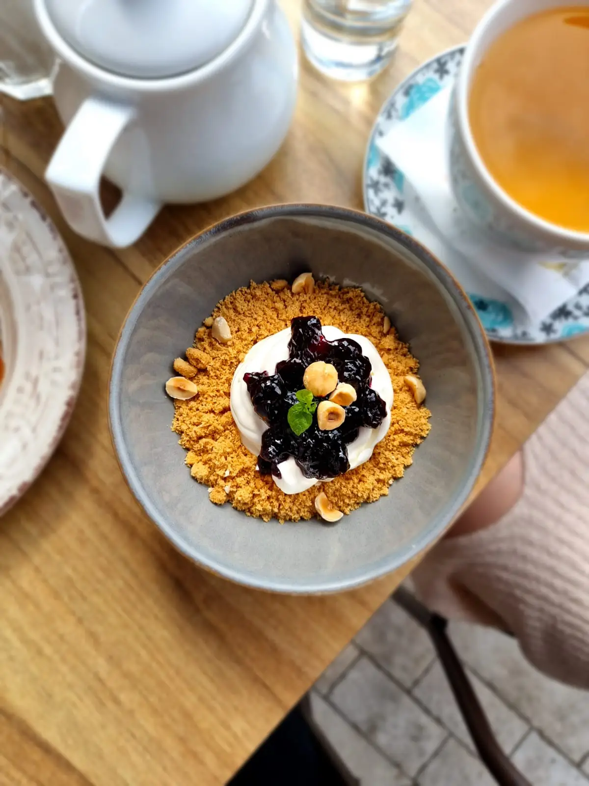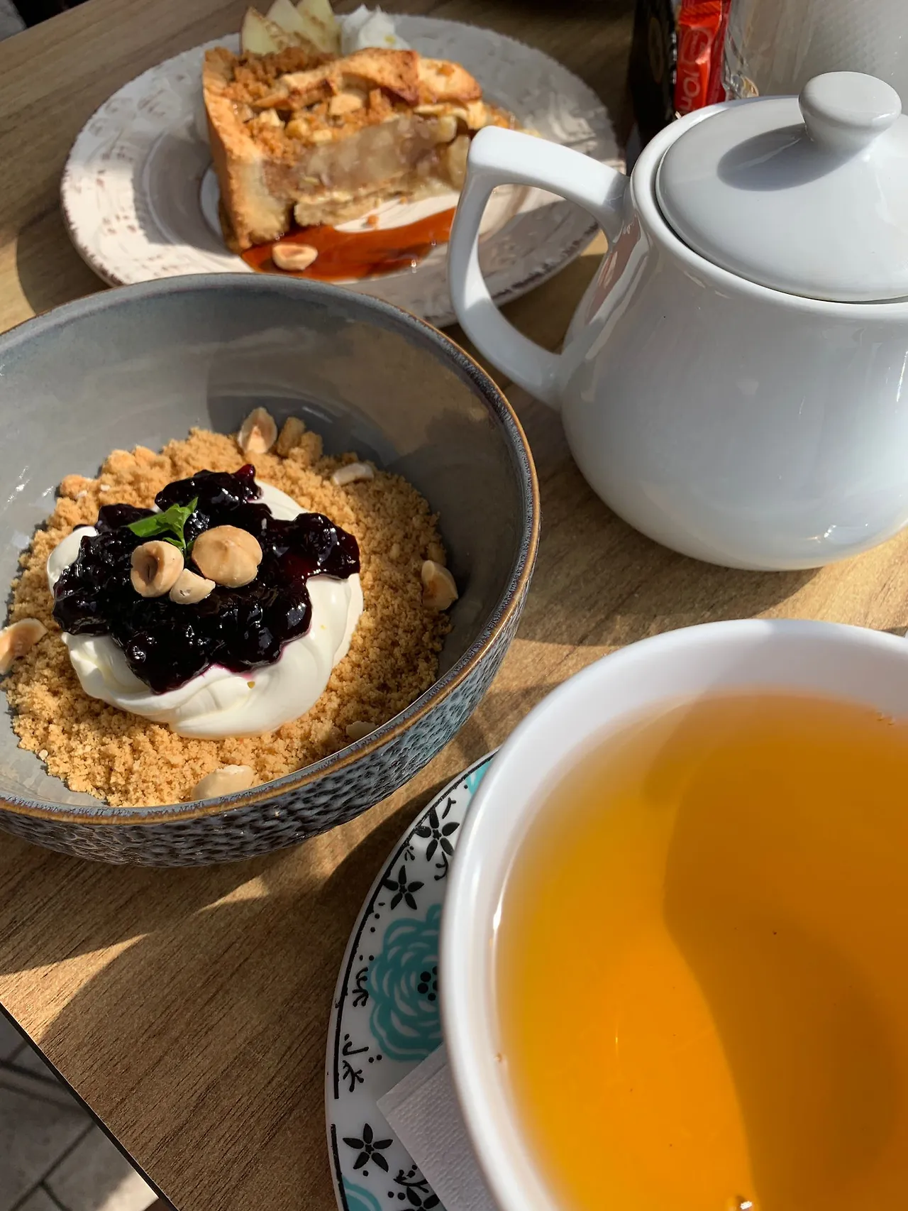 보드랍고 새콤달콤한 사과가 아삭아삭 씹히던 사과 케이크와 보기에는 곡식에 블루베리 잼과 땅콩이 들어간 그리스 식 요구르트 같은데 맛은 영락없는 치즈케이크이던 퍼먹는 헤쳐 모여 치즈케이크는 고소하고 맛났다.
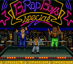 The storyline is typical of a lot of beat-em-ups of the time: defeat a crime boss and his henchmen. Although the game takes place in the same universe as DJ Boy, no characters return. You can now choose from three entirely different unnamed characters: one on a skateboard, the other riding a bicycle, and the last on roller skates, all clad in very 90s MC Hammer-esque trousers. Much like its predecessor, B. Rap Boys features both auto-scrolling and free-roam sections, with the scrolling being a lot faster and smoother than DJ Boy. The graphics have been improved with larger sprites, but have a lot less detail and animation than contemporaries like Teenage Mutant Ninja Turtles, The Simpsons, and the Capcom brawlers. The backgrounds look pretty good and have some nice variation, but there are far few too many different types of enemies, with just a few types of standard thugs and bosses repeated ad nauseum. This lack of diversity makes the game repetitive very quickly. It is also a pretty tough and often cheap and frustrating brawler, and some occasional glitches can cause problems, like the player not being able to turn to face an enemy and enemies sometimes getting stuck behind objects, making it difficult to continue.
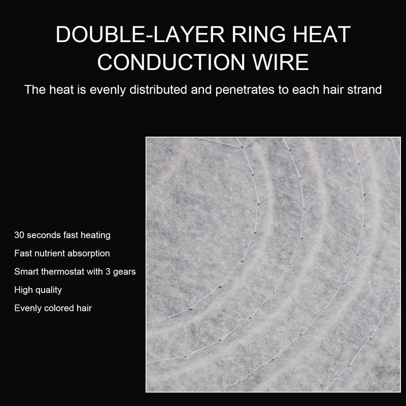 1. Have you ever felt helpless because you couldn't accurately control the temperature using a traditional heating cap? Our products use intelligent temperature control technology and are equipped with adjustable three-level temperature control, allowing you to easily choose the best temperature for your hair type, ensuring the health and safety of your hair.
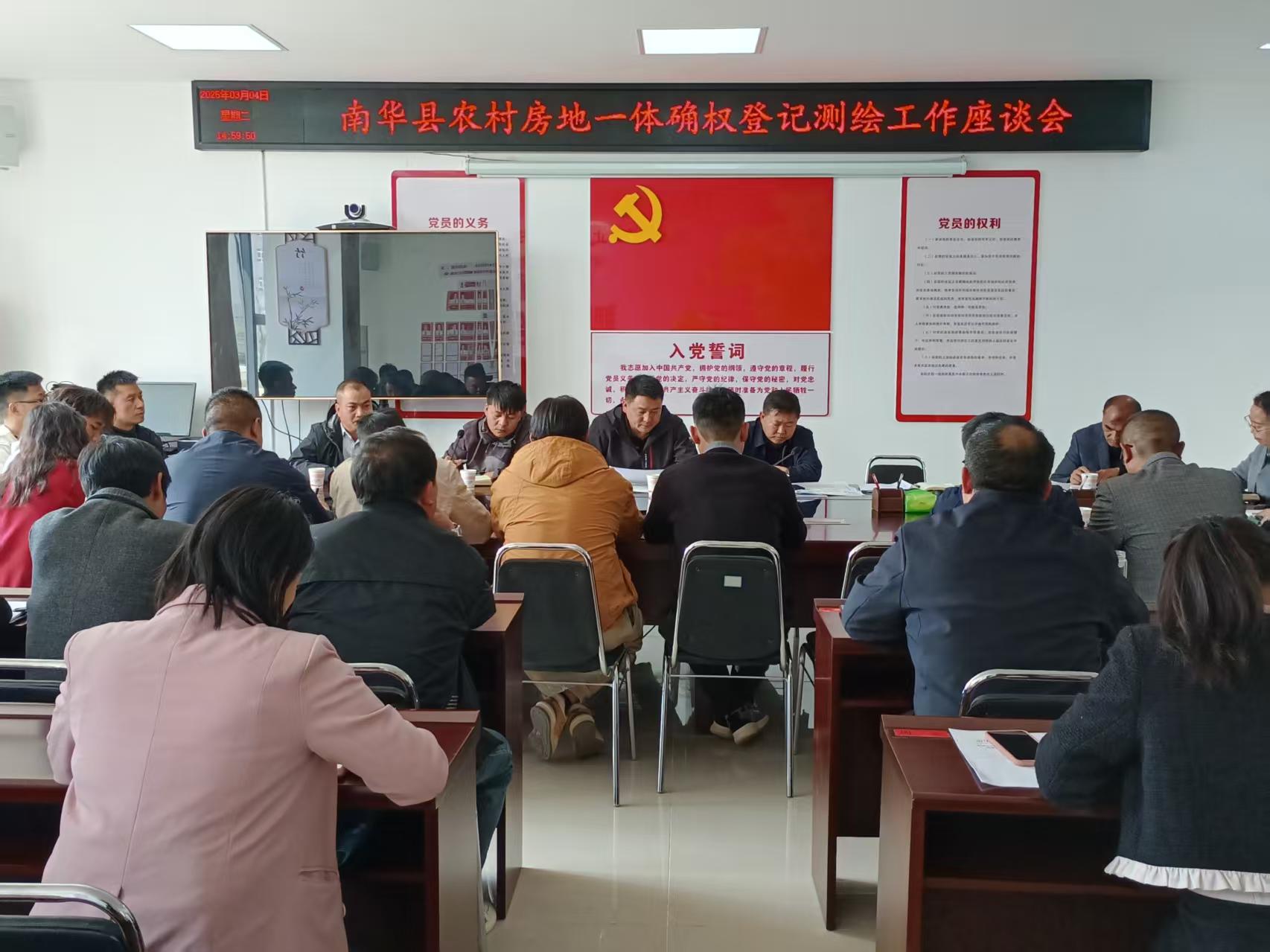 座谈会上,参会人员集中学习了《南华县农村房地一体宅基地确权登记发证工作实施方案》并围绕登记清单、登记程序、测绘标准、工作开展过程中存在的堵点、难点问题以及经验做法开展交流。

## [GOAL OF THE EXERCISE]
From the first line to the last, copy the listing above exactly, dropping all images.

## [EXERCISE RESPONSE]
 보드랍고 새콤달콤한 사과가 아삭아삭 씹히던 사과 케이크와 보기에는 곡식에 블루베리 잼과 땅콩이 들어간 그리스 식 요구르트 같은데 맛은 영락없는 치즈케이크이던 퍼먹는 헤쳐 모여 치즈케이크는 고소하고 맛났다.
 The storyline is typical of a lot of beat-em-ups of the time: defeat a crime boss and his henchmen. Although the game takes place in the same universe as DJ Boy, no characters return. You can now choose from three entirely different unnamed characters: one on a skateboard, the other riding a bicycle, and the last on roller skates, all clad in very 90s MC Hammer-esque trousers. Much like its predecessor, B. Rap Boys features both auto-scrolling and free-roam sections, with the scrolling being a lot faster and smoother than DJ Boy. The graphics have been improved with larger sprites, but have a lot less detail and animation than contemporaries like Teenage Mutant Ninja Turtles, The Simpsons, and the Capcom brawlers. The backgrounds look pretty good and have some nice variation, but there are far few too many different types of enemies, with just a few types of standard thugs and bosses repeated ad nauseum. This lack of diversity makes the game repetitive very quickly. It is also a pretty tough and often cheap and frustrating brawler, and some occasional glitches can cause problems, like the player not being able to turn to face an enemy and enemies sometimes getting stuck behind objects, making it difficult to continue.
 1. Have you ever felt helpless because you couldn't accurately control the temperature using a traditional heating cap? Our products use intelligent temperature control technology and are equipped with adjustable three-level temperature control, allowing you to easily choose the best temperature for your hair type, ensuring the health and safety of your hair.
 座谈会上,参会人员集中学习了《南华县农村房地一体宅基地确权登记发证工作实施方案》并围绕登记清单、登记程序、测绘标准、工作开展过程中存在的堵点、难点问题以及经验做法开展交流。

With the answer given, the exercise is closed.